EXERCISE PROMPT: Search for the word "plus" in the entries. Each line that holds it should be copied.

INPUT MATERIAL:
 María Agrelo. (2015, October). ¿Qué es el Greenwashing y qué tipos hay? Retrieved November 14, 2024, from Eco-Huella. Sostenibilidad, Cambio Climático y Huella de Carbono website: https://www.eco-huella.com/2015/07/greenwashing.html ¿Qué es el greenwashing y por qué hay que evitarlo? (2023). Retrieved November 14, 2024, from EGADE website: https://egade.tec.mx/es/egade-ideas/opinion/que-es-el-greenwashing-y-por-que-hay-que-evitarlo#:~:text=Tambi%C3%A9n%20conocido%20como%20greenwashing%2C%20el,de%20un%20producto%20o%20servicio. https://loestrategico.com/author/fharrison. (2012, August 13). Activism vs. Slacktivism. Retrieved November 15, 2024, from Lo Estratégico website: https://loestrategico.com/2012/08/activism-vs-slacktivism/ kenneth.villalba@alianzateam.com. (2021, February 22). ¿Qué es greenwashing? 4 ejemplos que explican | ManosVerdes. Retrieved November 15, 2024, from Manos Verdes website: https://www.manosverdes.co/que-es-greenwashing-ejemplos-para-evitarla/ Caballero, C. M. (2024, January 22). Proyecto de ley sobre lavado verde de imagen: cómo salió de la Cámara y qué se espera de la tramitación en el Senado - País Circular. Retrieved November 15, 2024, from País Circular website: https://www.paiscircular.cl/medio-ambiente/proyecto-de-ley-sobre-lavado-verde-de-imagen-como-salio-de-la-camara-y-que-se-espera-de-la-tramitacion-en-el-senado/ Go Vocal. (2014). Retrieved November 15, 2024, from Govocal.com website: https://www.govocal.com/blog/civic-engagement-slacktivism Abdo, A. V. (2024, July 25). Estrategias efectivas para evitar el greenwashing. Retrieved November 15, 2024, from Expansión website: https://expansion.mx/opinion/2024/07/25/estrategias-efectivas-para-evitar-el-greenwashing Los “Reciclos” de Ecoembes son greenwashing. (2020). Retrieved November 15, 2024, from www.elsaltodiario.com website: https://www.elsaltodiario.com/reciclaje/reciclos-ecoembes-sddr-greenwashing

* * *

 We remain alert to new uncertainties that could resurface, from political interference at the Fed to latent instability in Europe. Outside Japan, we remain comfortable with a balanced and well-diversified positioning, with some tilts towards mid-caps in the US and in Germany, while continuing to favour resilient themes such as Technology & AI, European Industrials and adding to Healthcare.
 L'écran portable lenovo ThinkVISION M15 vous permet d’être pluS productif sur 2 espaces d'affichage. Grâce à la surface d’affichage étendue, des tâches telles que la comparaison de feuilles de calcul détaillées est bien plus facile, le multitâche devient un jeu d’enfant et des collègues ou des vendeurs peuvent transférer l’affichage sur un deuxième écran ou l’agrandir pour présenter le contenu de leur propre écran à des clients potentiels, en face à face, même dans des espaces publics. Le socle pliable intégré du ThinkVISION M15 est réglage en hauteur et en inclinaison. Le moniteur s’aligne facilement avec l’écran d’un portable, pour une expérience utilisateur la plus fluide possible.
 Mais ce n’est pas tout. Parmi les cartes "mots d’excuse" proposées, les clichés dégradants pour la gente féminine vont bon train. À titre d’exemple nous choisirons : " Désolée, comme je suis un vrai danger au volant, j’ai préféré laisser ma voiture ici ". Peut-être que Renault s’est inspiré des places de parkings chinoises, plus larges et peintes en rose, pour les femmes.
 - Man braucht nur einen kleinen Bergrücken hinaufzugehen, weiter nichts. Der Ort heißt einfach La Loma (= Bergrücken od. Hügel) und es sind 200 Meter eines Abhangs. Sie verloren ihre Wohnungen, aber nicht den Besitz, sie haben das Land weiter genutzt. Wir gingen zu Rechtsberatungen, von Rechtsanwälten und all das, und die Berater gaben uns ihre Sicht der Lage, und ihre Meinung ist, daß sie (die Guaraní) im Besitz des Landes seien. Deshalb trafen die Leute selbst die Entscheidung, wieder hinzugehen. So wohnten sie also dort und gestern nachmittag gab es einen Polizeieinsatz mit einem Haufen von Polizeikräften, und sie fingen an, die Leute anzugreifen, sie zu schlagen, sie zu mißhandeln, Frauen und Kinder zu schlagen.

RESULT OF THIS TASK:
 L'écran portable lenovo ThinkVISION M15 vous permet d’être pluS productif sur 2 espaces d'affichage. Grâce à la surface d’affichage étendue, des tâches telles que la comparaison de feuilles de calcul détaillées est bien plus facile, le multitâche devient un jeu d’enfant et des collègues ou des vendeurs peuvent transférer l’affichage sur un deuxième écran ou l’agrandir pour présenter le contenu de leur propre écran à des clients potentiels, en face à face, même dans des espaces publics. Le socle pliable intégré du ThinkVISION M15 est réglage en hauteur et en inclinaison. Le moniteur s’aligne facilement avec l’écran d’un portable, pour une expérience utilisateur la plus fluide possible.
 Mais ce n’est pas tout. Parmi les cartes "mots d’excuse" proposées, les clichés dégradants pour la gente féminine vont bon train. À titre d’exemple nous choisirons : " Désolée, comme je suis un vrai danger au volant, j’ai préféré laisser ma voiture ici ". Peut-être que Renault s’est inspiré des places de parkings chinoises, plus larges et peintes en rose, pour les femmes.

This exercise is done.